● **WORK ORDER**:
Nothing but the lines below from the one with "Each player then" through the one with "This close-coupled toilet" should be output, each exactly as given, and no pictures.

● **SUPPLIED DATA**:
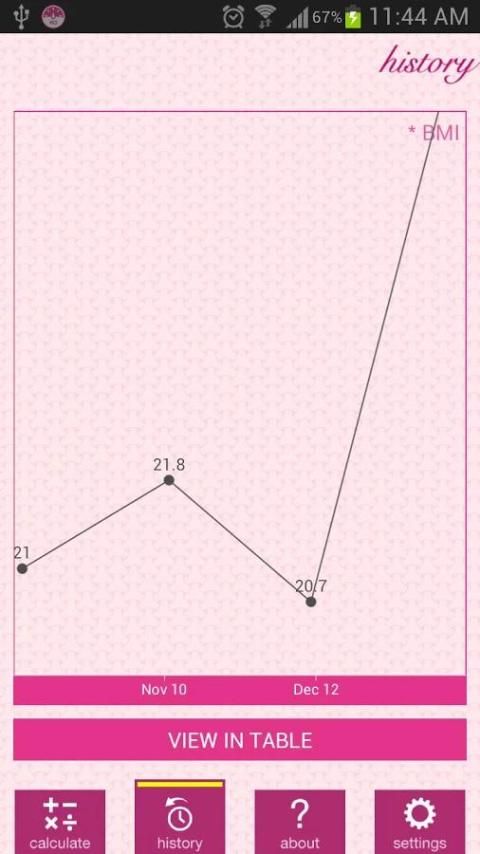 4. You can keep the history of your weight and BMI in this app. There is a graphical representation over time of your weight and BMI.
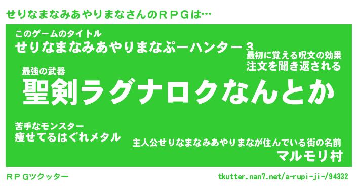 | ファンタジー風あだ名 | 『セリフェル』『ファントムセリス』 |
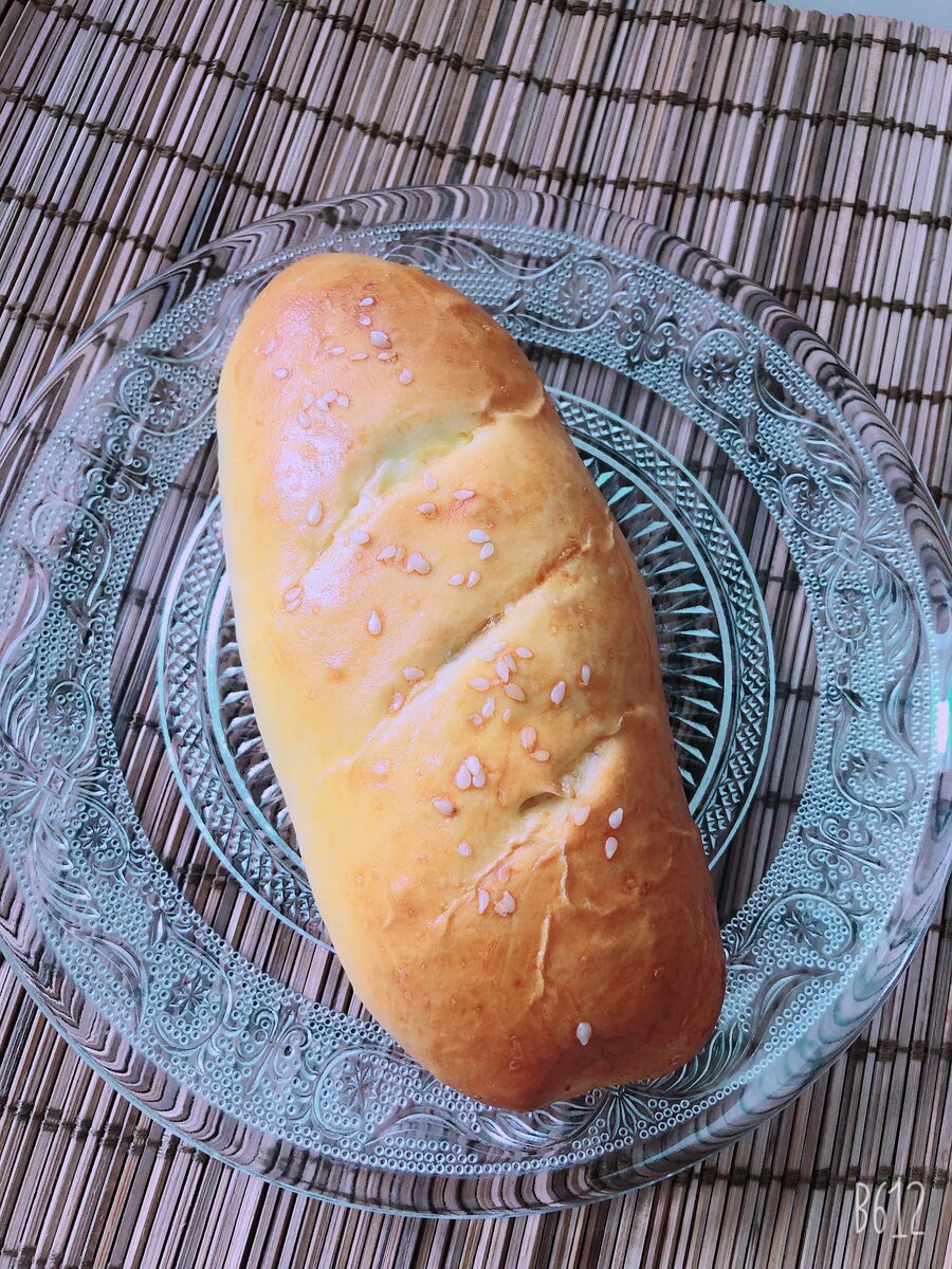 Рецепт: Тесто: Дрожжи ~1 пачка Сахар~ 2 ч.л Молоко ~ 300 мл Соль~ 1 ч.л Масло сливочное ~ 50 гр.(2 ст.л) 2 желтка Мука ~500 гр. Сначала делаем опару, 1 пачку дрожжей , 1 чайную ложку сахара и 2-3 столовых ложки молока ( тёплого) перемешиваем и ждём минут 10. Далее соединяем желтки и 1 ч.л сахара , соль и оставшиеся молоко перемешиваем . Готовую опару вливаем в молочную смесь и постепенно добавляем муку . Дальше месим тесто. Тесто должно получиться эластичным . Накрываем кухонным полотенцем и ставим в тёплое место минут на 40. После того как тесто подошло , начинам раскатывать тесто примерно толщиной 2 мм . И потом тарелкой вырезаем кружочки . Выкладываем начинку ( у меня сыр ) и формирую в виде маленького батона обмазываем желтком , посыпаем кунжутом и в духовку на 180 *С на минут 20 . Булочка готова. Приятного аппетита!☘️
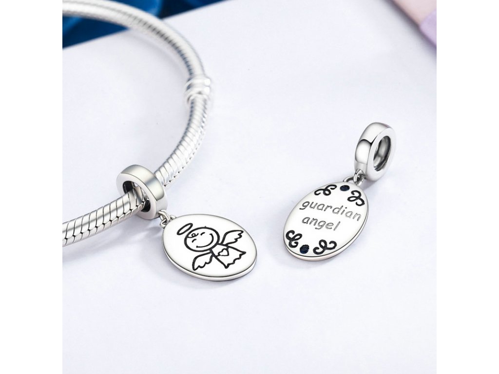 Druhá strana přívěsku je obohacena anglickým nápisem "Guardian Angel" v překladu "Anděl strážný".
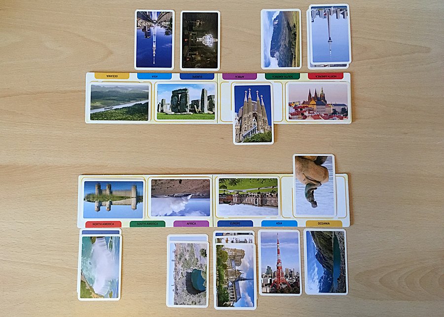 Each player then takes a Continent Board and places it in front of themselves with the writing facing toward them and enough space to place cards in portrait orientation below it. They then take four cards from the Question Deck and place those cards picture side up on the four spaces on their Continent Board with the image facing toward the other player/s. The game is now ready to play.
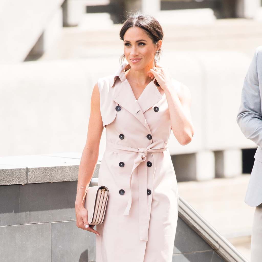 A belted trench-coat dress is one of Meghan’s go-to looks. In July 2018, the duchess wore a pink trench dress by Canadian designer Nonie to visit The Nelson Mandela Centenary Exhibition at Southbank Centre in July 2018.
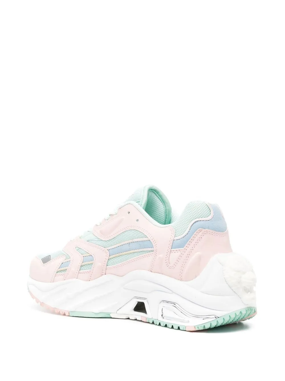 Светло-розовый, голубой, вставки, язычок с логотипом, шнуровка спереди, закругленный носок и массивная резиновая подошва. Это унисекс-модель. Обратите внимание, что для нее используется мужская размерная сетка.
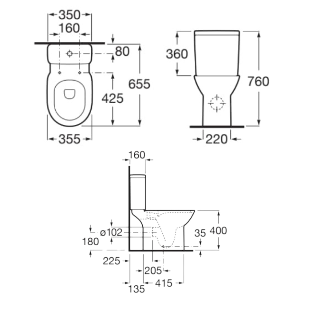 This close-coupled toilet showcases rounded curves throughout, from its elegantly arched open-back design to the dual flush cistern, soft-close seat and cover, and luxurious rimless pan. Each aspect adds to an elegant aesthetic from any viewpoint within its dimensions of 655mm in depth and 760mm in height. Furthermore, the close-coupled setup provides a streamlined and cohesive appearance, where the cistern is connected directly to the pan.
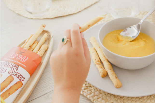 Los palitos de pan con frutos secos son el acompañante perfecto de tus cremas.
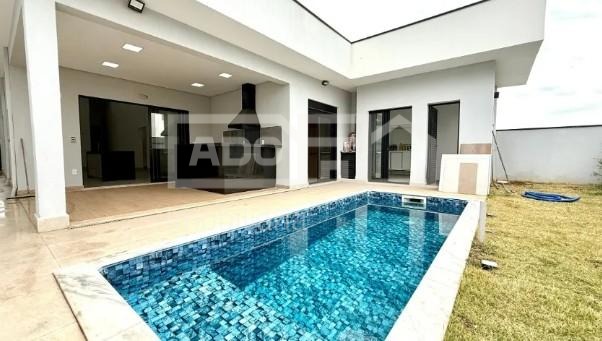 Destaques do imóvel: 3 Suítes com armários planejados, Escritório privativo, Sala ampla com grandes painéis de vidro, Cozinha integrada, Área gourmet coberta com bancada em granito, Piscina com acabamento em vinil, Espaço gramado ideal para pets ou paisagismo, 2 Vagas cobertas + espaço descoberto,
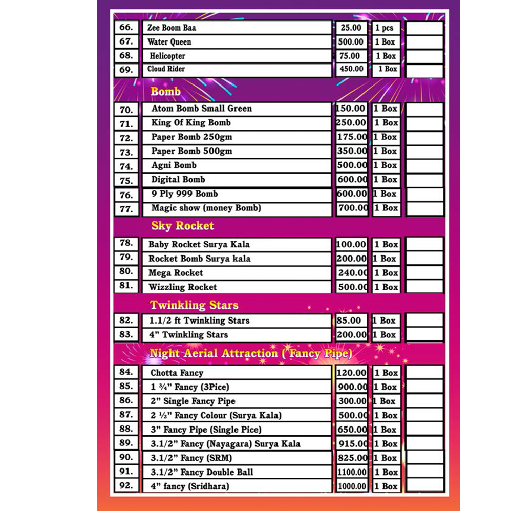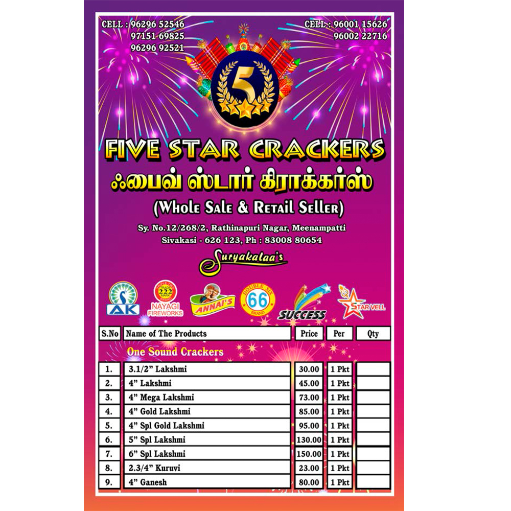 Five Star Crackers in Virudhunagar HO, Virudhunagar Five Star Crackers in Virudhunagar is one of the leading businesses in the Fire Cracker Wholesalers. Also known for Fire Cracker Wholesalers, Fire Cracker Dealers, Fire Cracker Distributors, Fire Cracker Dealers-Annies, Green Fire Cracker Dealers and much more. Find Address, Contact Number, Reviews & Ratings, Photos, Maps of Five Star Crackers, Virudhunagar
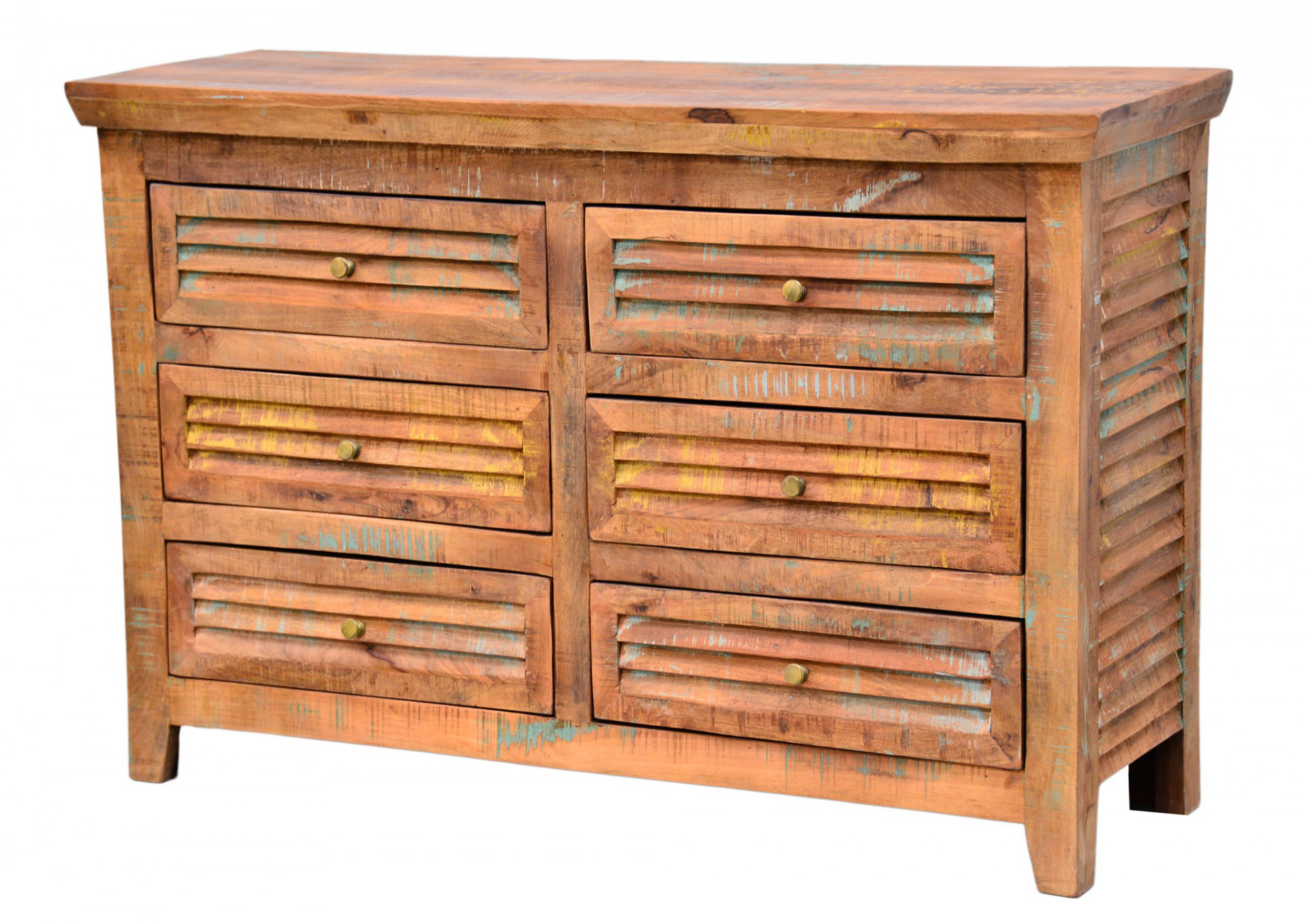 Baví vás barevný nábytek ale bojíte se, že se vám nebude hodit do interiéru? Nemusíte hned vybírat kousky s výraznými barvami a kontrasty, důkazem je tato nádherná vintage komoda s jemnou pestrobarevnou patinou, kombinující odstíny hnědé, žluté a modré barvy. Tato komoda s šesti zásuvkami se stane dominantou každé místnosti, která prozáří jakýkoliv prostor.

● **TASK RESPONSE**:
 Each player then takes a Continent Board and places it in front of themselves with the writing facing toward them and enough space to place cards in portrait orientation below it. They then take four cards from the Question Deck and place those cards picture side up on the four spaces on their Continent Board with the image facing toward the other player/s. The game is now ready to play.
 A belted trench-coat dress is one of Meghan’s go-to looks. In July 2018, the duchess wore a pink trench dress by Canadian designer Nonie to visit The Nelson Mandela Centenary Exhibition at Southbank Centre in July 2018.
 Светло-розовый, голубой, вставки, язычок с логотипом, шнуровка спереди, закругленный носок и массивная резиновая подошва. Это унисекс-модель. Обратите внимание, что для нее используется мужская размерная сетка.
 This close-coupled toilet showcases rounded curves throughout, from its elegantly arched open-back design to the dual flush cistern, soft-close seat and cover, and luxurious rimless pan. Each aspect adds to an elegant aesthetic from any viewpoint within its dimensions of 655mm in depth and 760mm in height. Furthermore, the close-coupled setup provides a streamlined and cohesive appearance, where the cistern is connected directly to the pan.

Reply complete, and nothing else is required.